Biarkan mati. Salah sendiri tidak berevolusi.
.
.
.
Au Prince Ferox, Southest Region of Carrius Land.
January 17th 2235.
Levi turun dari kudanya yang masih terengah, menalikannya ke sebuah ranting ek gosong tersambar petir yang tumbuh beberapa meter dari garis batas wilayah non vegetasi. Pemuda kurus itu mulai melangkah mendekati bubungan. Bubungan berwarna biru transparan yang melingkupi dari tanah hingga pucuk tertinggi dahan hutan. Melingkupinya bulat-bulat dengan spektrum listrik.
Kubah halilintar. Begitu Levi mendengarnya. Kubah yang dibuat para inbasis untuk melindungi diri dari dunia luar. Yah, lupa kukatakan kalau inbasis bisa memakai otaknya lebih dari 10 persen. Otak encer pada abad ini—benar-benar makhluk terpilih. Ini brilian. Basis dipastikan hangus jadi partikel kalau nekad menyusruk bubungan.

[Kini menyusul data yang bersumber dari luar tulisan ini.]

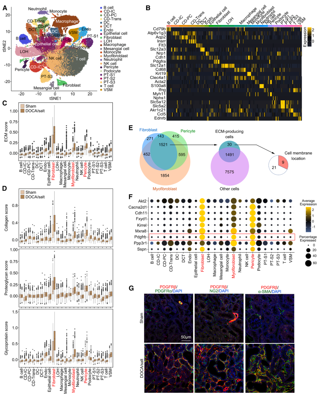 单细胞RNA测序鉴定ECM产生细胞:通过对DOCA/盐诱导的高血压肾病小鼠模型的肾脏进行单细胞RNA测序(scRNA-seq),研究成功鉴定了肾脏中主要的ECM产生细胞类型,包括成纤维细胞、周细胞和肌成纤维细胞。

Levi menyeringai. Kebanggaaan diri menggelegak. Membayangkan devisi sialan itu tanpa dirinya. Sudah pasti bubar tanpa pernah berdiri. Ha!
Tentu, karena dia inbasis, pemuda itu bisa menyelonong begitu saja masuk ke areal hutan.
Kegelapan langsung melingkupi, sepaket dengan kesunyian yang menegakkan roma. Ah, tapi tak mempan buat Levi si peneliti songong. Daripada meringik ketakutan, ia buru-buru mengaktifkan tumpangan.
"Porta ride: activate!"
Jam di pergelangan tangan kiri Levi memancarkan sinar, disusul kemudian muncul piringan lingkaran hologram transparan mengambang-ambang semata kaki. Ia lalu menaikinya tanpa takut tubuhnya tembus dan ringsek ke tanah. Levi menaikinya persis bak Alladin berdiri di atas karpet ajaib, memerintahkannya sesuai pikiran.
"Auto light: activate!"
Sambil mulai menyusuri hutan, piringan hologramnya memancarkan sinar sejarak pandang. Matanya menjadi awas, telinga tak dilupa ikut waspada. Sunyi memang jadi teman inbasis hutan ini. Mereka pandai bersembunyi seperti big foot atau yeti. Bibirnya sedikit-sedikit menggumam, sekarang terasa kalau bokongnya perlu rehat barang sejenak setelah berkuda delapan jam nonstop dari ibukota.
Andai Levi si pemalas penunda kerjaan. Tidak. Ia ingin cepat kembali ke peradaban normal laboratorium, membongkar-pasang tubuh-tubuh—mau yang inbasis, mau yang basis—dan bercinta dengan lourbuzel di balik meja spesimen tanpa konklusi waktu. Pokoknya harus cepat dapat satu. Menjerat atau menjebaknya, mendatanya, lalu membawanya pulang. Selesai.
Kemudian….
Sepuluh menit, dua puluh lima koma delapan sembilan tujuh koma sekian sekian sekian sekon. Piringan holongram menyisir areal hanya bermodalkan insting si pengendara. Levi tidak bodoh, ia baru saja akan memakai peta deteksi spasial untuk melacak keberadaan inbasis, kalau saja badai lokal itu tidak buru-buru menerjang.
Psyuuuuu~
Kraaakk
Kreeekk kretakkk
Psyuuuuu~
Kreeekkk
Duaaarrr! Kreekk! Braaakk!
Badai dominasi angin basah itu menggulung ke arahnya. Menerjang dahan-dahan. Satu pohon besar tumbang menjuntai empat puluh lima derajat dari tanah. Si pemuda inbasis terpental tanpa antisipasi, diikuti hancurnya piringan kendaraan hologram.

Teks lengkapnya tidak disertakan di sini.